Science. 2009 Jan 23;323(5913):474-7. doi: 10.1126/science.1161748.
8
Real-time imaging of Leishmania mexicana-infected early phagosomes: a study using primary macrophages generated from green fluorescent protein-Rab5 transgenic mice.墨西哥利什曼原虫感染早期吞噬体的实时成像:一项使用绿色荧光蛋白-Rab5转基因小鼠产生的原代巨噬细胞的研究。

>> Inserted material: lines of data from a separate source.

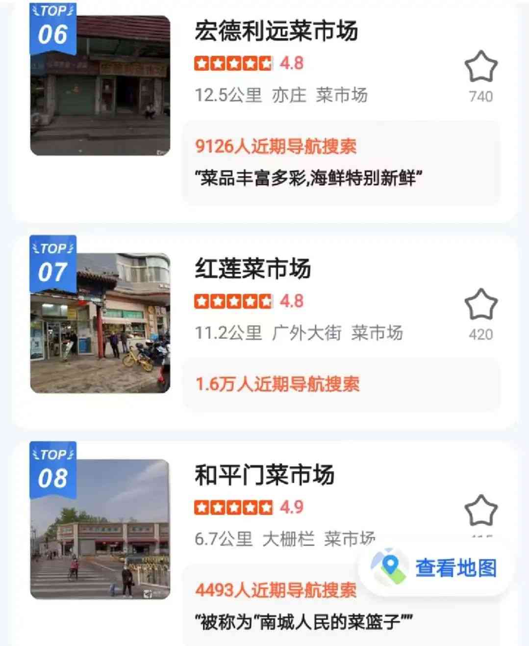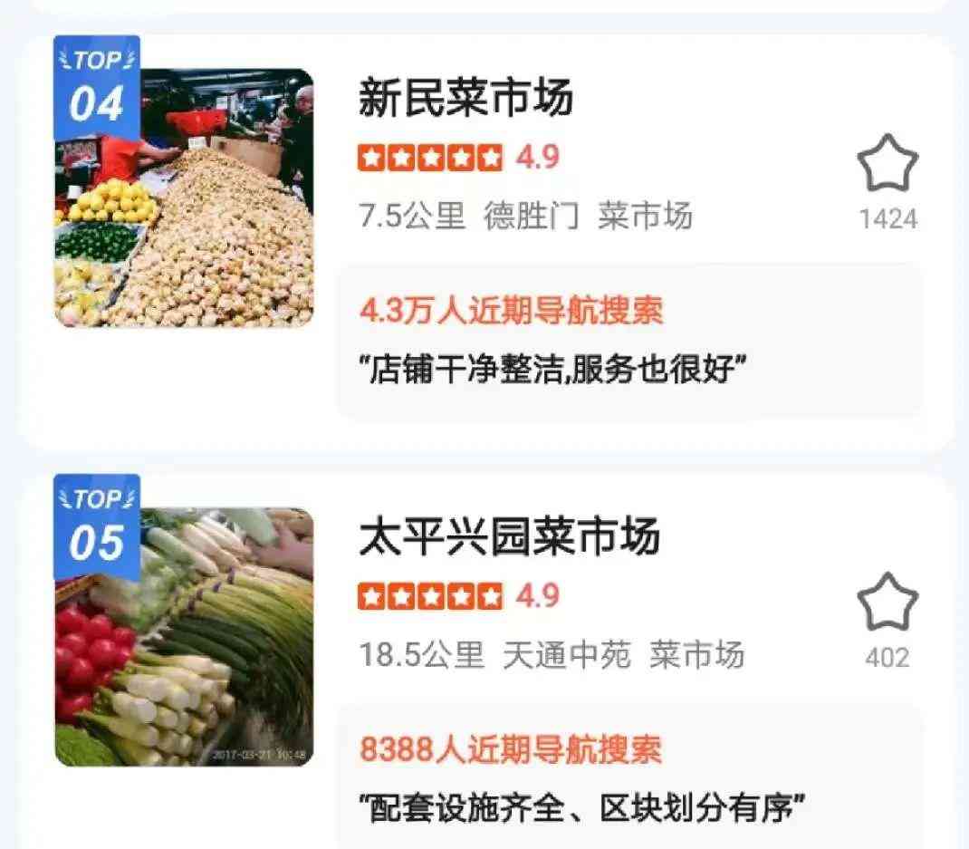 “高德指南”人气榜之菜市场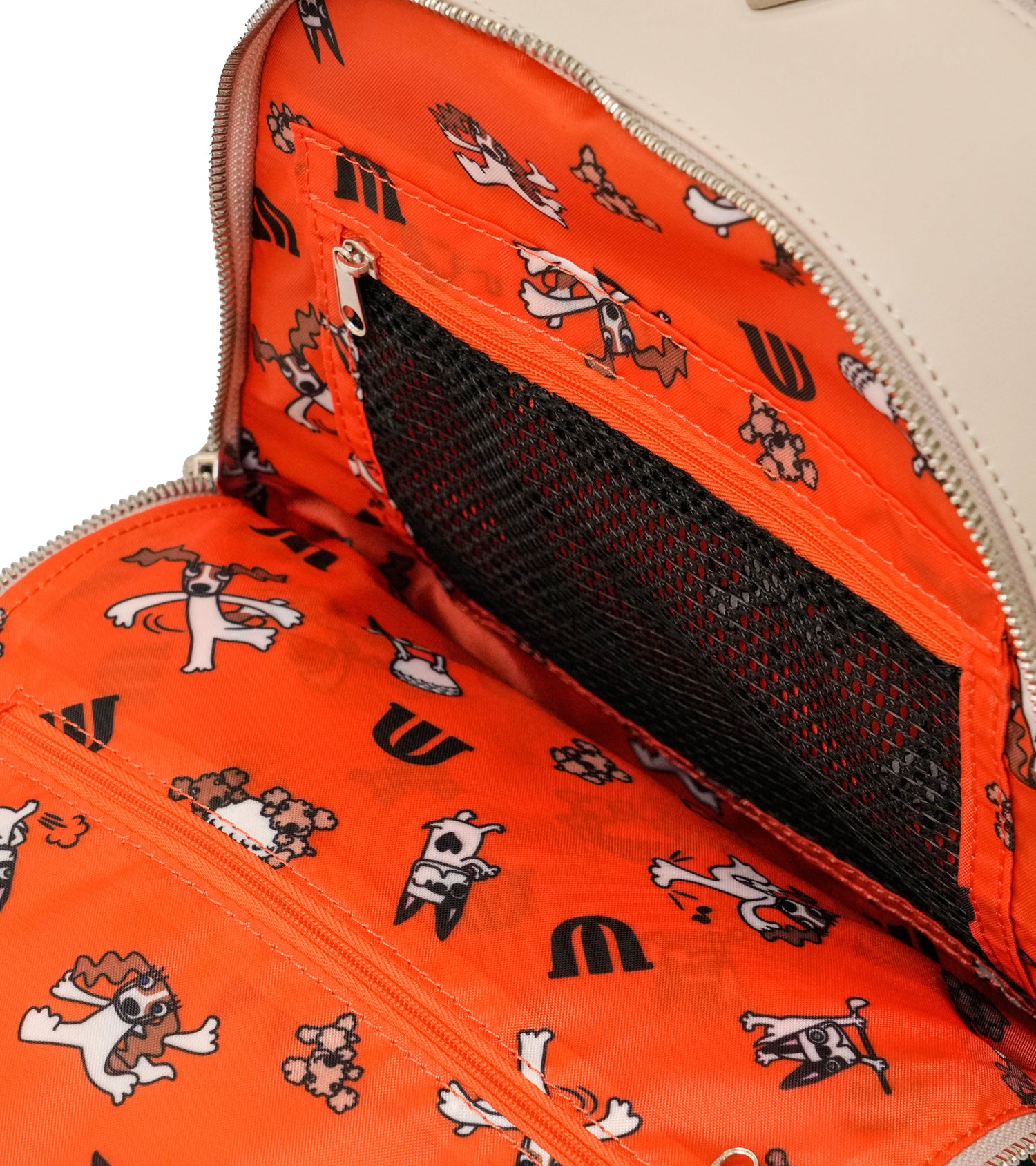高級感を損なわない楽しそうなキャラクターのワンポイント刺繍と、MUらしいカラフルな裏地仕様が特徴的です!内側にはメッシュポケット・ファスナーポケット・タブレットポケット等多機能収納可能でアフターゴルフは勿論、タウンユースにも幅広く活躍します。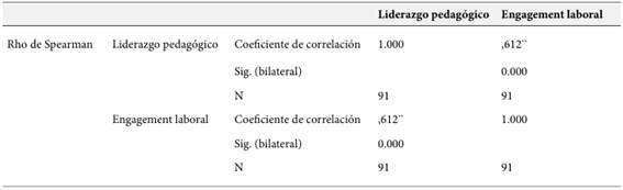 Tabla 3. Correlación de Rho de Spearman y nivel de significación entre el liderazgo pedagógico y el engagement laboral docente en institutos de educación superior públicos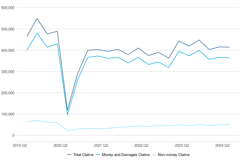 Money claims were down 3% (to 342,000 claims) in April to June 2024 compared to the same quarter in 2023.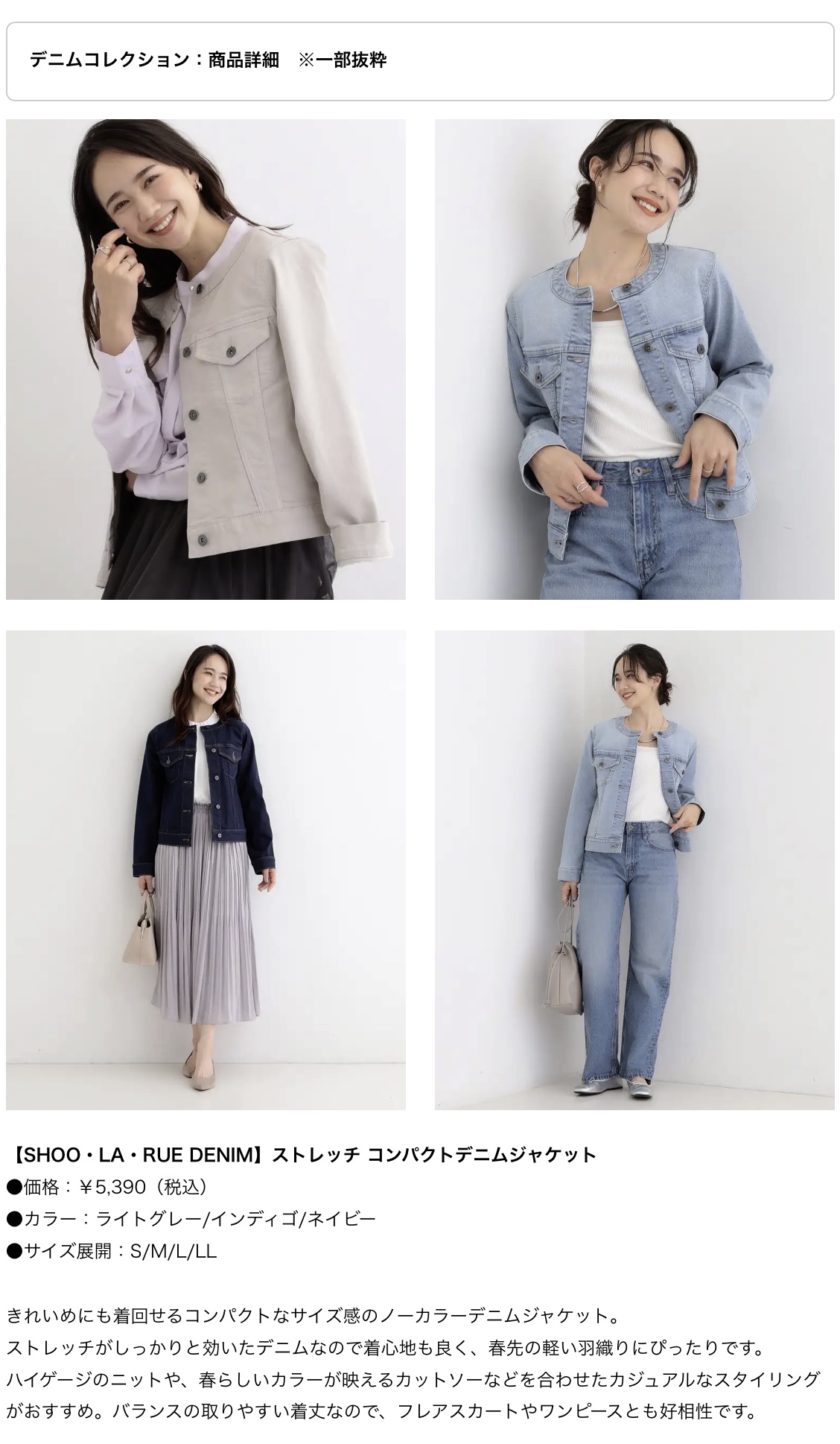 株式会社 ワールド 【SHOO・LA・RUE】定番からトレンドまで!豊富なラインナップの 新作デニムコレクションを2月6日(金)より公開 (2026.2)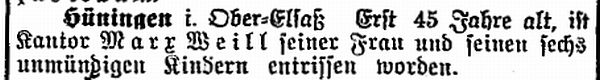 Zum Tod des Kantors Marx Weill 1910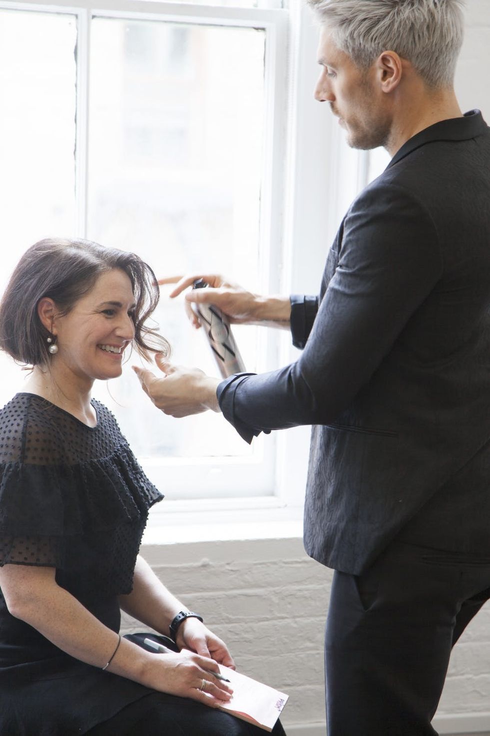 1. Tease the top section of your hair at the roots for volume. No teasing brush? No problem. Appleton prefers Color Wow Style on Steroids ($24) for a boost and grip. “After spraying on each section, massage in the product with your hands,” he advises.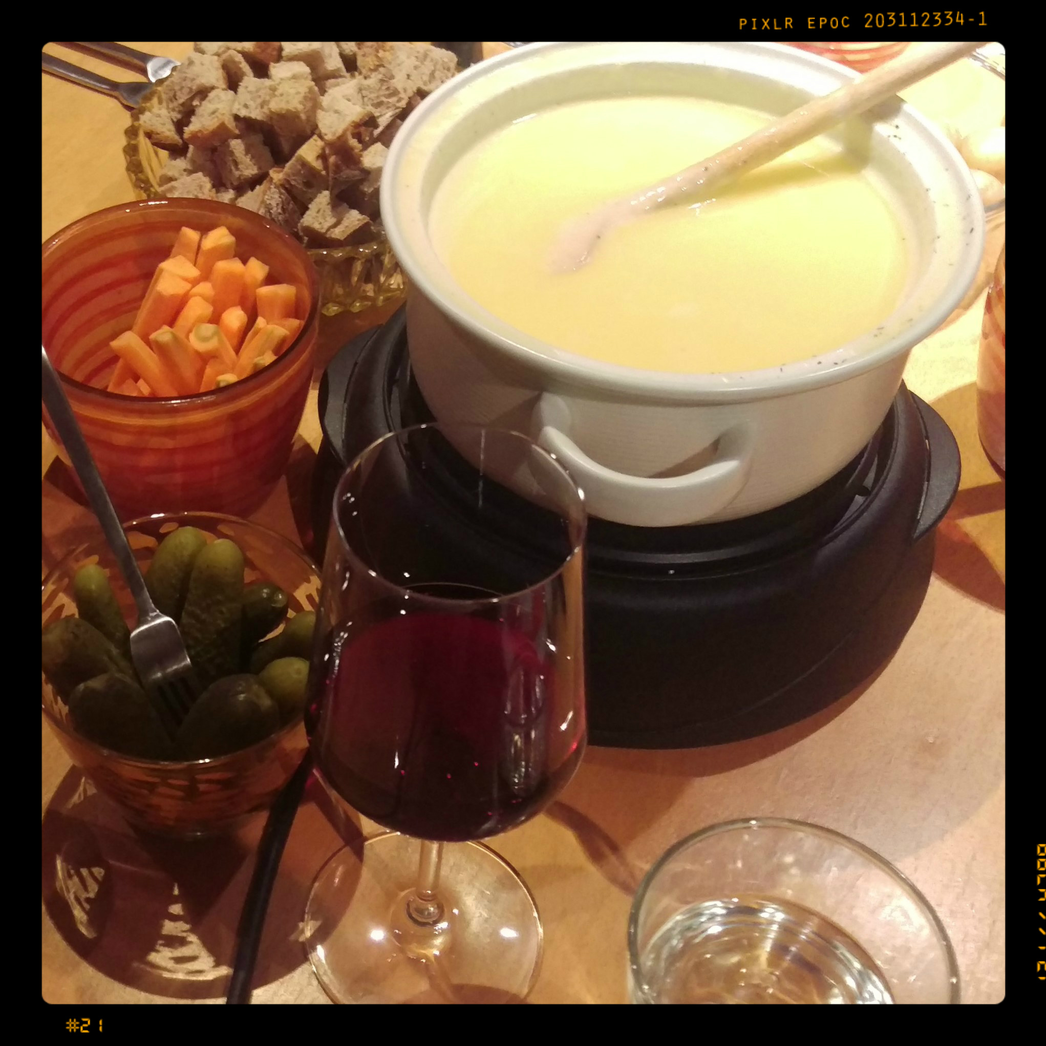 Achtung: keine kohlensäurehaltige Getränke zum Käsefondue, das bekommt dem Magen nicht so gut; heißer Tee und Kirschwasser dazu, ist nicht meine Sache, ich bevorzuge Rotwein und stilles Wasser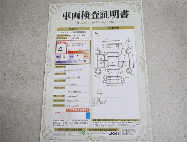 車両検査証明書付きです!だれでも中古車の状態がすぐにわかるよう、車のプロが客観的にチェック。車両の状態やわずかなキズも正確にお伝えします。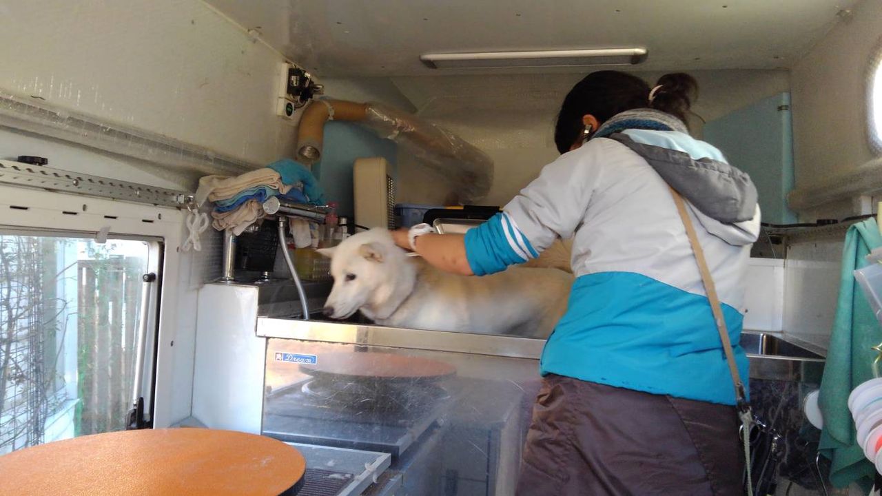 2018年12月09日 老犬ホーム ペットホテル軽井沢 北海道犬 リボンちゃん トリミングへ 移動シャンプーのニコニコさんに来ていただきシャンプー。シャンプー中はとてもお利口だったそうです♪フワフワになって帰ってきました!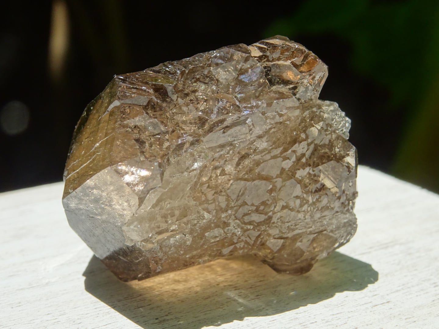 照りのある石肌は透明度もあり、コニャックカラーが美しいです。隣と根元に接面するように子どもポイントたちが共生しており、コロンと自立する姿が愛らしいです。また、底面は非常に綺麗に全面がセルフヒールド(再結晶)しています。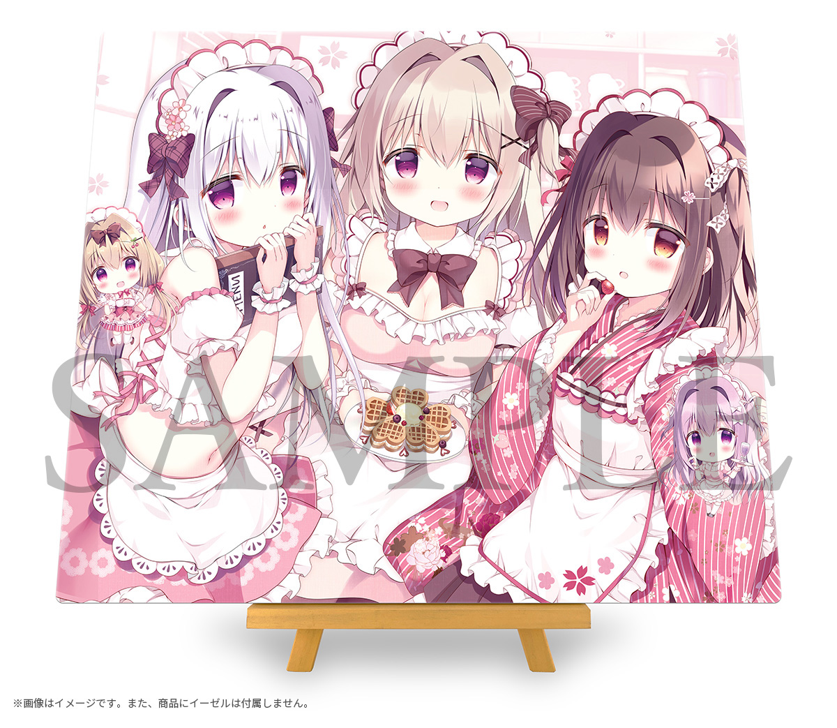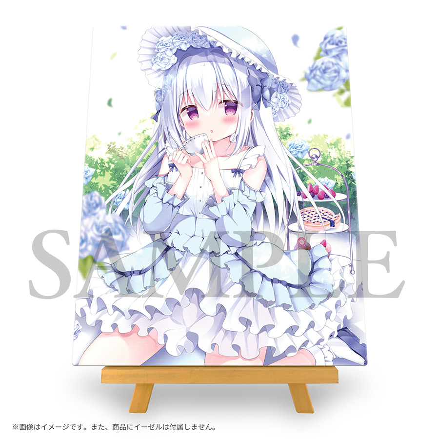 コラボ期間中、店内にて展示されているキャンバスアートを受注生産グッズとして販売いたします。描き下ろしのコラボキービジュアルを含む、あづみ一樹先生の描かれた可憐な数々のイラストがハイクオリティなのキャンバスアートとして登場。更にキャンバスアートにはすべて、あづみ一樹先生による直筆サインが入ります。また、今回はコラボキービジュアル集合イラストのみ特別サイズのスペシャルバージョンとなります。
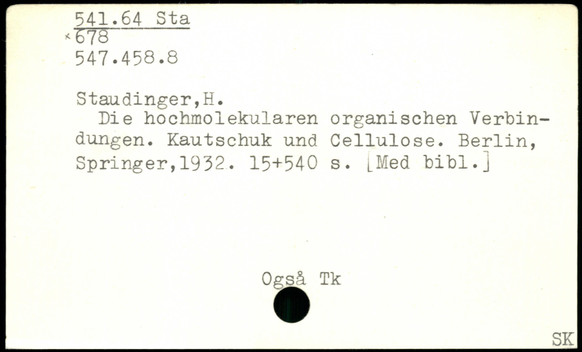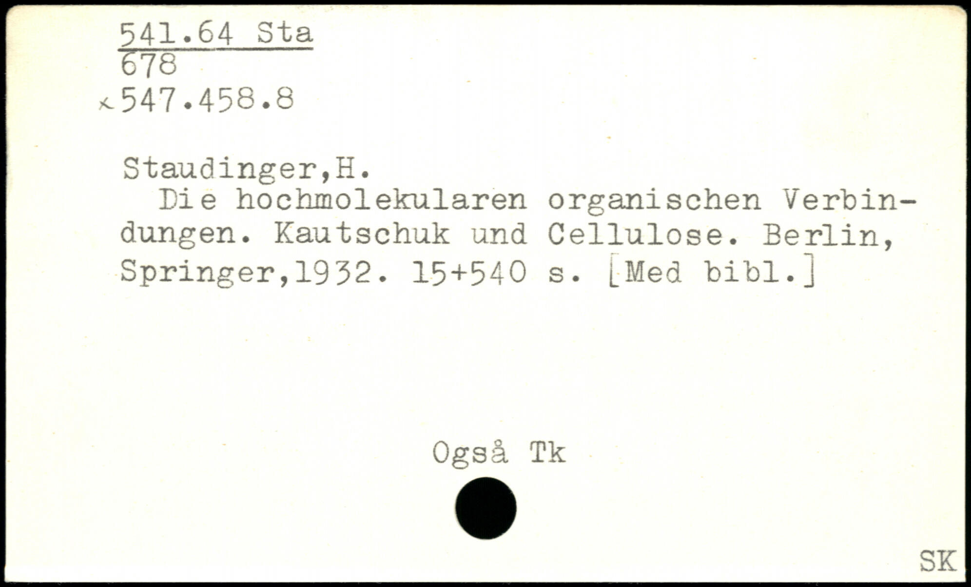 Die hochmolekularen organischen Verbindungen. Kautschuk und Cellulose.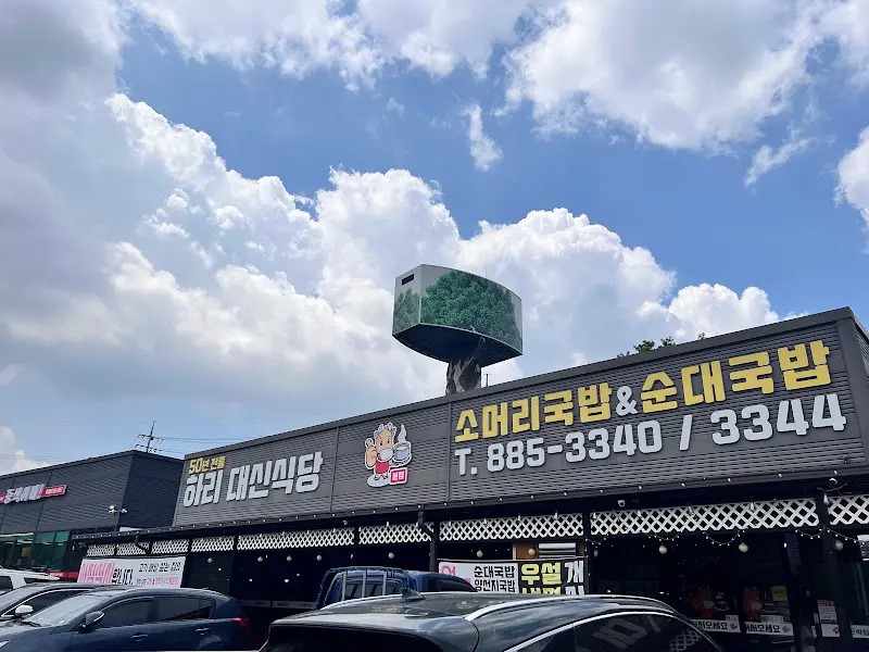 파란 하늘에 뭉게구름이 두둥실 떠 있는 날이었다. 드넓은 주차장에 차를 대고 보니, 큼지막한 간판이 눈에 확 들어오더구먼. “허리 대신식당”이라는 글자와 함께 소머리국밥 그림이 정겹게 그려져 있었어. 겉에서 보기에도 널찍한 단층 건물인데, 깔끔하게 잘 지어놨더라고. 옛날 여주 시청 근처에서 오랫동안 장사를 하셨다는데, 이쪽으로 자리를 옮기신 모양이야.

FASEB J. 2009 Feb;23(2):483-91. doi: 10.1096/fj.08-108712. Epub 2008 Oct 16.
9
Leishmania (L.) amazonensis: fusion between parasitophorous vacuoles in infected bone-marrow derived mouse macrophages.亚马逊利什曼原虫:感染的骨髓来源小鼠巨噬细胞中吞噬泡之间的融合
Exp Parasitol. 2008 May;119(1):15-23. doi: 10.1016/j.exppara.2007.12.013. Epub 2008 Jan 1.
10
[Role of the parasitophorous vacuole of murine macrophages infected with Leishmania amazonensis in molecule acquisition].[感染亚马逊利什曼原虫的小鼠巨噬细胞的寄生泡在分子摄取中的作用]
Biomedica. 2006 Oct;26 Suppl 1:26-37.